I've always suspected this will be the case with Filecoin. Whether or not it is profitable depends on the ratio between storage and bandwidth costs. If you can store stuff cheaply but your bandwidth is expensive, then it make sense to store junk data if your hard drives are not full.

Filecoin really has two incentive mechanisms: A proof-of-storage-hardware mining scheme similar to proof of work which does not preclude storing useful data, along with a retrieval market which should make storing useful data more profitable than not in most cases.

Maybe we need a bandwidth coin as well ...

Martti Malmi (and I) are working on that:


Our testnet has already pushed ~1TB of data in a day on a P2P network that cost ~$99 to operate. (Internet Archive, D.Tube, Notabug.io, and others run us in production).

I'm hoping bandwidth + Filecoin will be the perfect combo for devs to replace AWS/Azure/gCloud/S3/etc. for about ~85% cheaper than current centralized rates. (As calculated by our 300GB / 100M 1kb per record test here, a few years ago: https://www.youtube.com/watch?v=x_WqBuEA7s8 ).

Now we just need a kickawesome CPU/GPU coin that isn't slow/bottlenecked. Anybody know one that could unify with IPFS + GUN?

I’m curious what exactly you are talking about. It sounds like you were getting an 11 megabit connection for $99? What is the product?

IIRC each proof also contains a little bit of the data, so over time the original data is transmitted.

that sounds like the exact opposite of a zero-knowledge proof: https://en.wikipedia.org/wiki/Zero-knowledge_proof

This project (I mean IPFS) startet with a very interesting goal. Now it seems they have totally derailed and went the blockchain based virtual currency way. So sad. Instead they should have invested their energy into better integrating IPFS eg. into browsers.

Last I checked, FileCoin was just an incentive layer for IPFS, not a core part of the protocol. Close association between Protocol Labs and the Ethereum community doesn't inspire me with confidence, but as long as IPFS works without it, I'm happy.

Link to the Filecoin FAQs: https://filecoin.io/faqs/

What stops a filecoin miner from storing all replicas to S3? If nothing, then why use filecoin at all? Economies of scale would dictate that the most successful filecoin miners would simply be cloud storage providers by another name (but paid in tokens instead).

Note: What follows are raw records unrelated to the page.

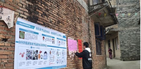 19級(jí)大數(shù)據(jù)1班學(xué)生干部廖義杰勇于擔(dān)當(dāng),主動(dòng)以志愿者身份參與到疫情防控工作中,在村莊張貼宣傳標(biāo)語,為村民發(fā)放宣傳單,宣傳健康小知識(shí)并告知他們特殊時(shí)期不聚集、不宴請(qǐng)、不出門,勸阻正在聚集的村民立即解散并各自歸家。
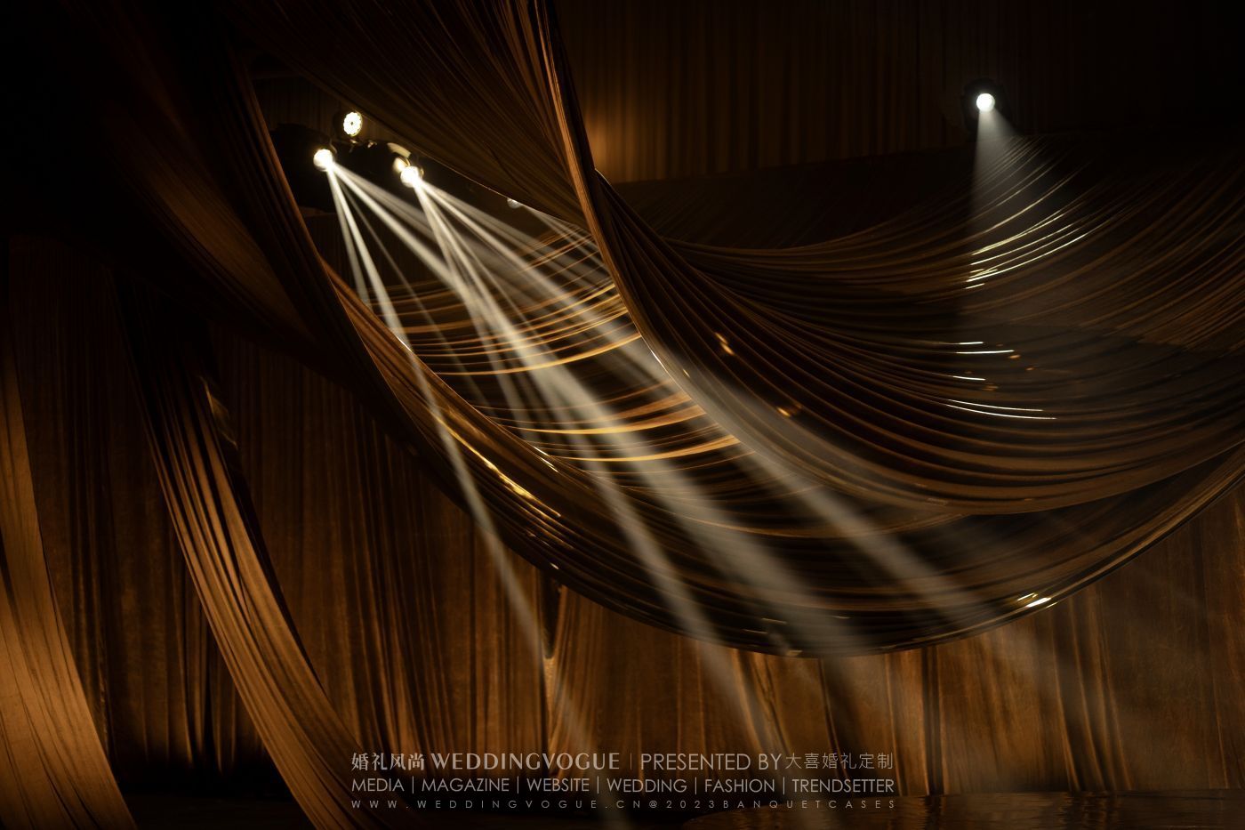 两侧的光线在中心圆盘粗糙的表面形成漫反射,为场地降下一片温柔的光景,明暗相间的光影刻画着布幔的纹理褶皱,将现场的浪漫推演至高潮。
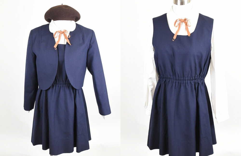 写真でご確認いただけるとおり、聖霊の冬服は濃紺のショートボレロジャケット・同色ジャンパースカート・白長袖ブラウス・ブラウンオレンジのリボンという組み合わせで構成されています。ウエスト部分のギャザー切り替えによってスカートがAラインに広がるシルエットは、現代のブレザー系制服にはない独自の優雅さを持っています。
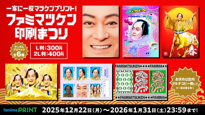 ファミリーマート店内マルチコピー機サービス「ファミマプリント」で、松平健さんのさまざまな表情をデザインした、ファミマオリジナルのブロマイドやステッカー全6種類を発売中です。人気の証明写真風や、年賀状にも使える「マツケンタウロス」など、遊び心たっぷりなデザインがラインナップ。
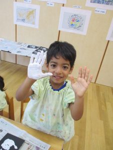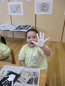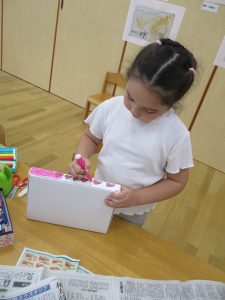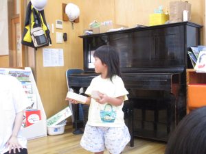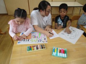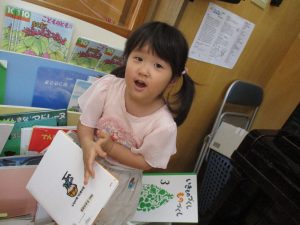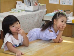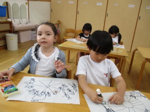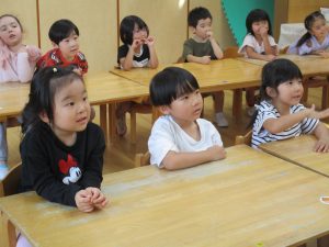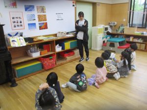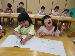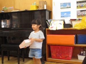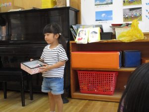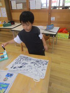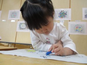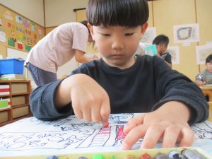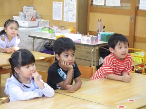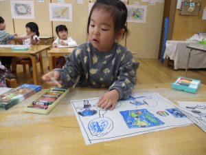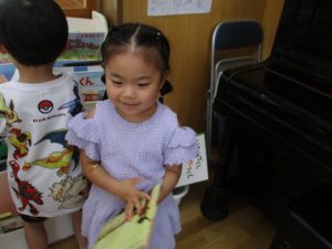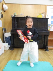 そして、みんなにお話を聞いてもらう時間です。「だるまちゃんは。。。」から、話し始める子どもたち。始めたこ頃は、1文で「おしまい」と話すことも多かったですが、自分の絵を見ると、お話が作れるよと伝えると、そこから、2文、3文、4文、どんどの話しが出てくるようになりました。
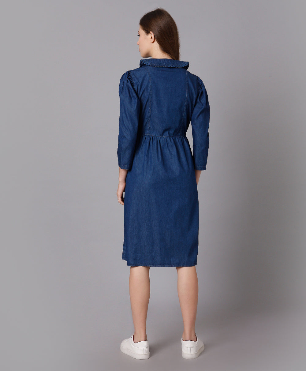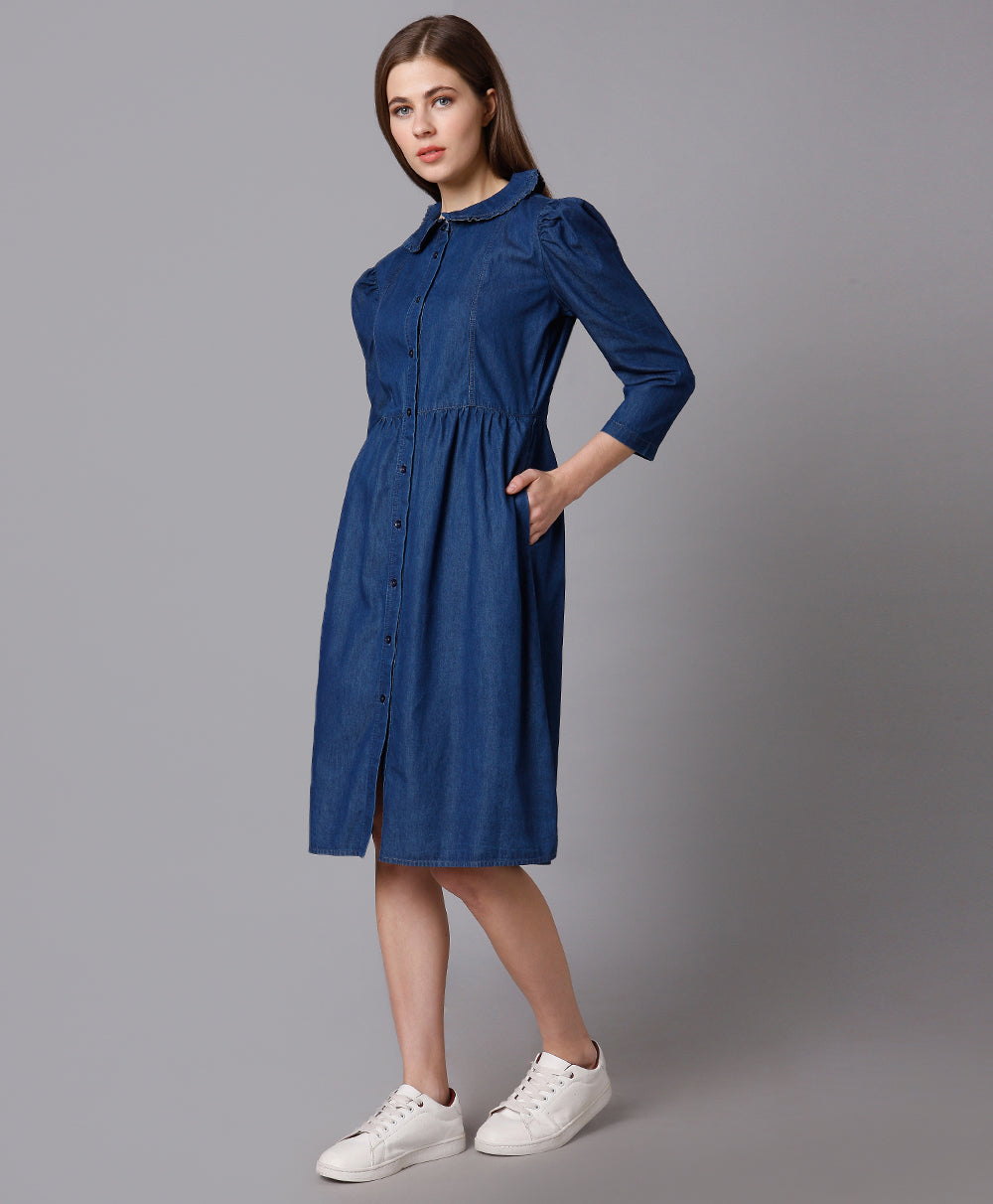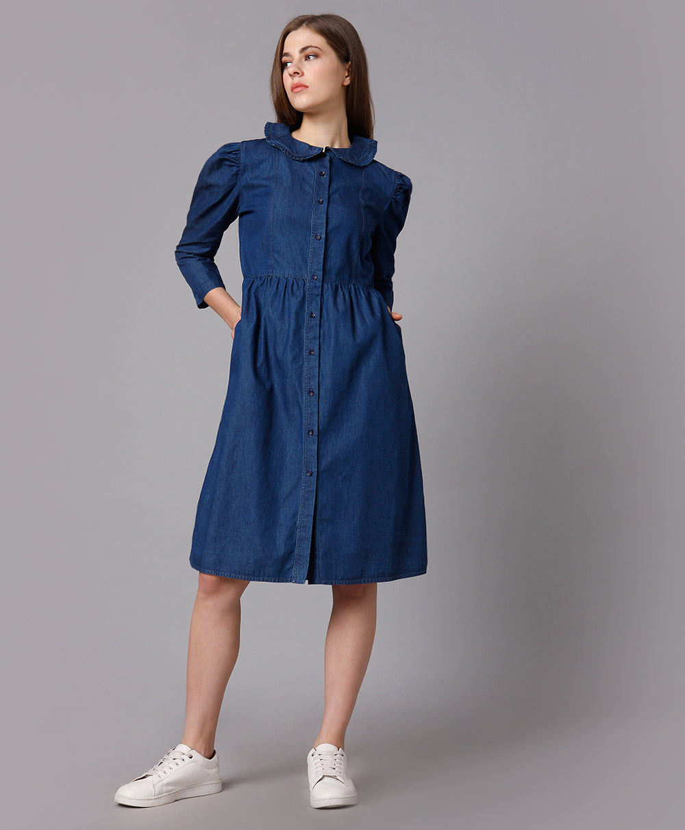 Cotton Denim Dress with Puff Sleeves
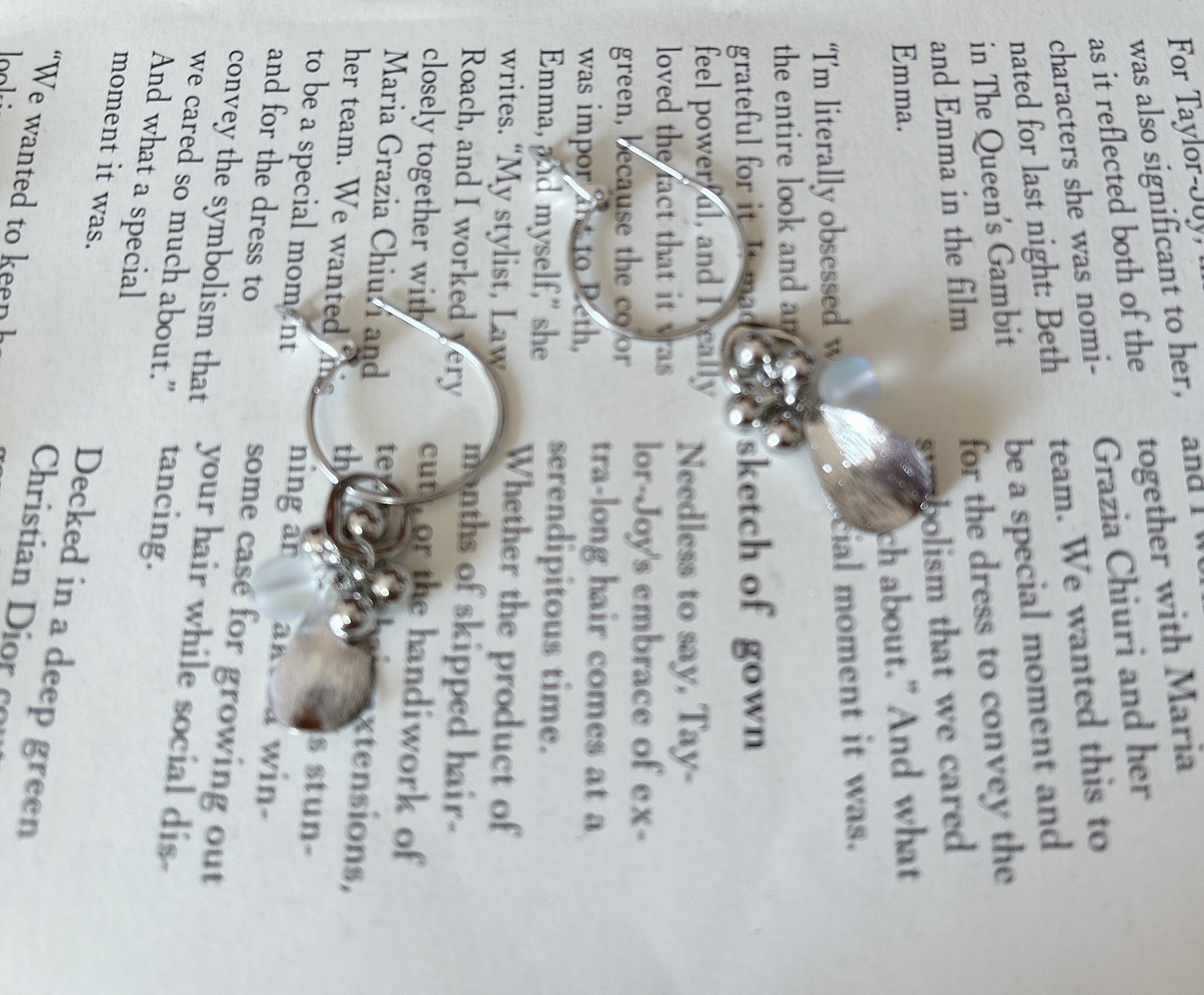 シルバーリングにシルバーボール、マットビーズでオシャレなピアスです。
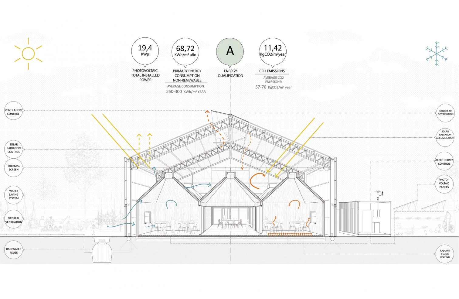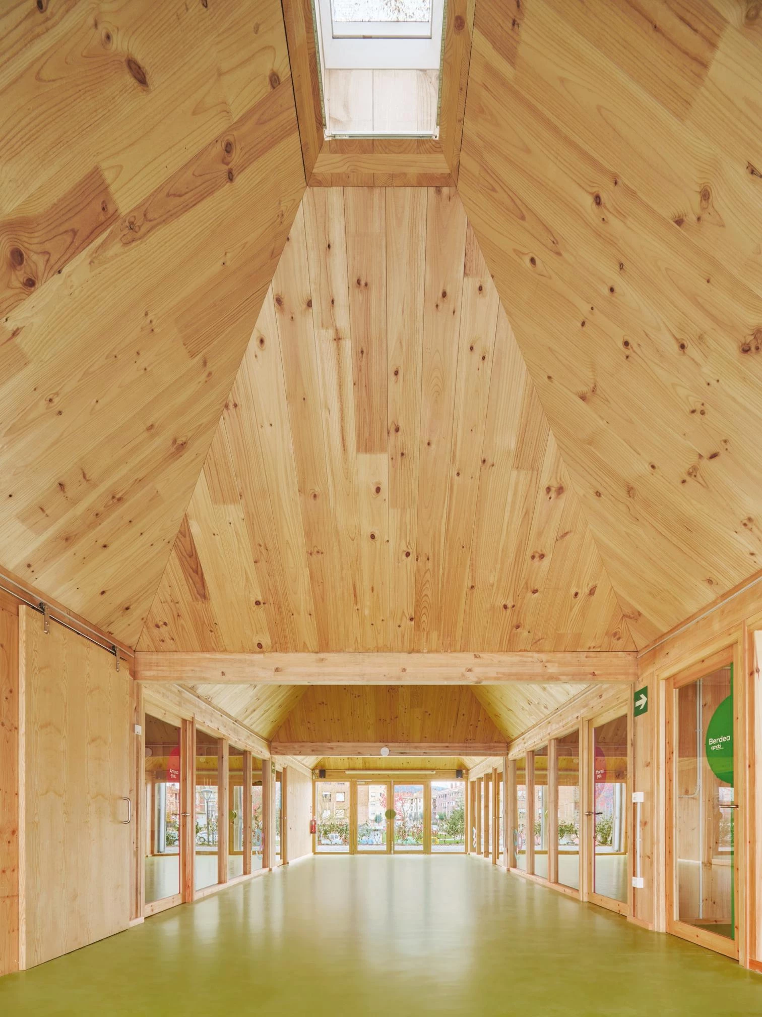 Built with steel and translucent polycarbonate, a greenhouse volume contains within it a series of modules clad in prefabricated panels of cross-laminated timber (CLT). With a bioclimatic enclosure, the building encompasses a large outdoor space that acts as a ‘square’ and a series of wooden modules for training activities, a multipurpose classroom, a living and resting area, a kitchen, and a dining room. The construction system is comparable to that of an agricultural farming greenhouse, with automatic opening and shutting devices regulating the intake of sunshine and air. Temperatures can thus be regulated to fluctuate between 16ºC and 30ºC, acting as a thermal cushion and helping to keep the wooden modules comfortable, with little energy consumption.
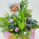Погрузитесь в волшебный мир весны с нашей уникальной композицией весенних луковичных первоцветов! В композиции вас ждут изящные гиацинты, создающие неповторимую атмосферу свежести и красоты, украшенные веточками натуральной хвои. Прекрасный подарок на 8 марта, Пасху ,юбилей, день рождения, Новый год, Рождество. Такой букет, с живыми цветами, смотрится очень нарядно и празднично. Подарить композицию можно маме, бабушке, учителю, руководителю, подруге, коллегам, да кому угодно. Букетик будет гармонично вписываться в любой интерьер. Мини садик с первоцветами это лучше чем срезанные цветы и лучше чем обычный букет. Этот нежный и стильный подарок принесёт радость и уют в любой дом или офис, подчёркивая важность и красоту весенних моментов. Подарите эту композицию и порадуйте вашего близкого человека нежными ароматами и яркими цветами в самый особенный праздник!

it's possible that some miners choose to store their data on S3 or some other large/well known cloud provider. However, miners have other options as well. For instance, they could store their data in their own data centers or with more start-up storage providers without needing all the marketing resources that Amazon, Microsoft, Google, etc. have.

One of the use cases I'm looking forward to seeing from Filecoin though is for regular folks with desktops that have extra storage capacity to just rent that capacity out. Right now the extra 500GB of storage space I have is just an unutilized resource waiting to be made use of. Additionally, it allows people to basically swap data capacity so I'll store 500GB of data for other people, and in return I'll use that Filecoin to pay other people to store my data. This is could be very useful for personal data backup where my primary requirement is that my data live somewhere else that is not on my computer.

> What stops a filecoin miner from storing all replicas to S3?

Being undercut by Amazon running Filecoin on their own?

So filecoin would just be a slower, less scalable, and more costly way to pay for S3?

Just put it on Saito and pay for it to stay on-chain for however long you need.

The fact that as a miner you have no control over whether someone stores illicit documents on your machine seems like a dealbreaker

The fact that as a maintainer of a website with user-contributed content, you have no [up-front] control over whether someone stores illicit content on, and distributes it from, your server, seems like a dealbreaker.

We have been Apache 2.0 open source from day one.


Kudos to filecoin! And choosing Apache 2.0 as the license.

Okay? You have... A thing? Probably a similar thing? If you must spam your own thing, at least tell us why we should care about your thing in contrast to the actual subject of the thread.

My fault!

Filecoin is great!

We are also building a blockchain that is based around Verifiable Delay Functions and has been open source from day one.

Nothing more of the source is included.